Obama surveillance proposal will change little: Julian Assange

Last Updated: Saturday, January 18, 2014 - 14:30

Washington: WikiLeaks founder Julian Assange on Friday criticised US President Barack Obama`s proposal to limit the controversial surveillance programme, saying his plan is not concrete and will not change much.

In a bid to allay global outrage after the leak of the US snooping programme, Obama yesterday put an end to the surveillance of "foreign leaders of friendly nations".

Obama also announced several proposals to change how the agency collects surveillance on Americans and foreign governments.
Describing the Obama`s speech as embarrassing, Assange said, "We heard a lot of lies here in this speech by Obama."

"I think it`s embarrassing for a head of state to go on like that for 45 minutes and say almost nothing," Assange said.

He it is clear that Obama would not have unveiled his new spying reforms had it not been for leaks by former NSA contractor Edward Snowden other whistleblowers.

"Those national whistleblowers have forced this debate, this president has been dragged, kicking and screaming, to today`s address. He has been very reluctant to make any concrete reforms, and, unfortunately, today, we also see very few concrete reforms.

"What we see is kicking off the ball into the congressional grass, kicking it off into panels of lawyers that he will report -- that he will instruct to report back at some stage in the future," Assange said.

"My greatest concern looking at this broader package, is that there is -- what was not said. There was no restriction on secret law.

"The FISA (Foreign Intelligence Surveillance Act) court, which he named as the court that will review some of this process, is known to be the most secret captive court in the United States that`s producing secret judge-made law," he alleged.
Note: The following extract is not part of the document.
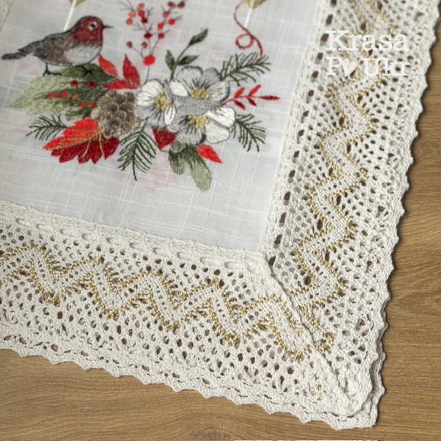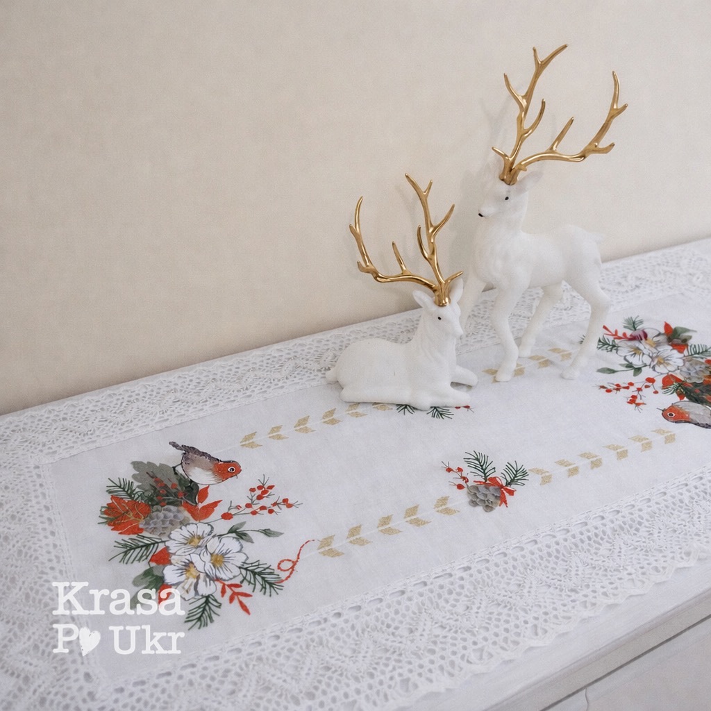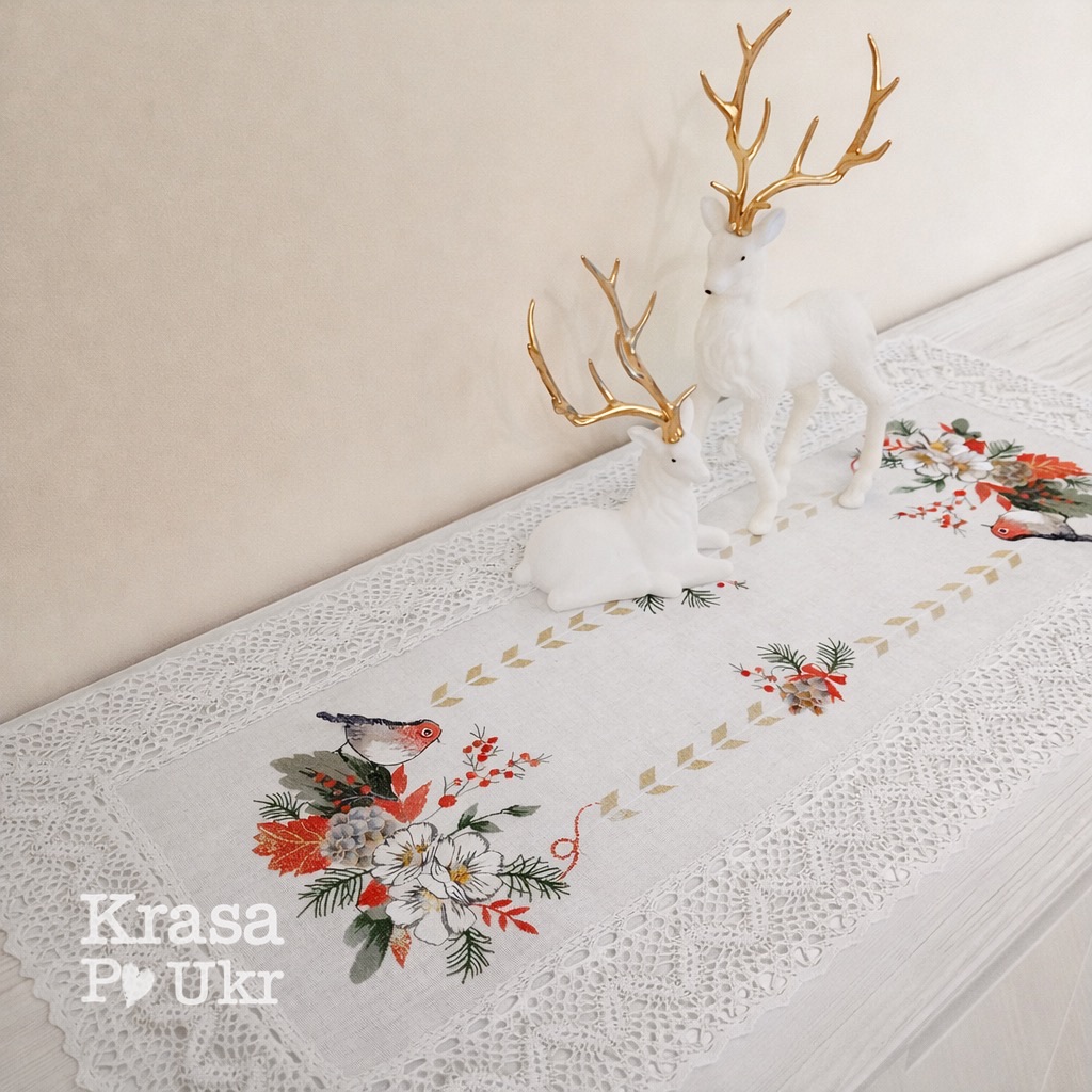 Вишита доріжка «Різдвяний снігур» з мереживом (біле з золотавою ниткою) 40*120 см – біла

"As far as the outside world is concerned, the United States has become an archipelago of coercion, where any person you are dealing with in business, at Google, or Facebook, or Yahoo!, or at a telecommunications company might have become secretly an agent of the National Security Agency, because they`re ordered to do so by the FISA court, and they`re forced to keep that secret, all through the mechanism of national security letters," Assange said.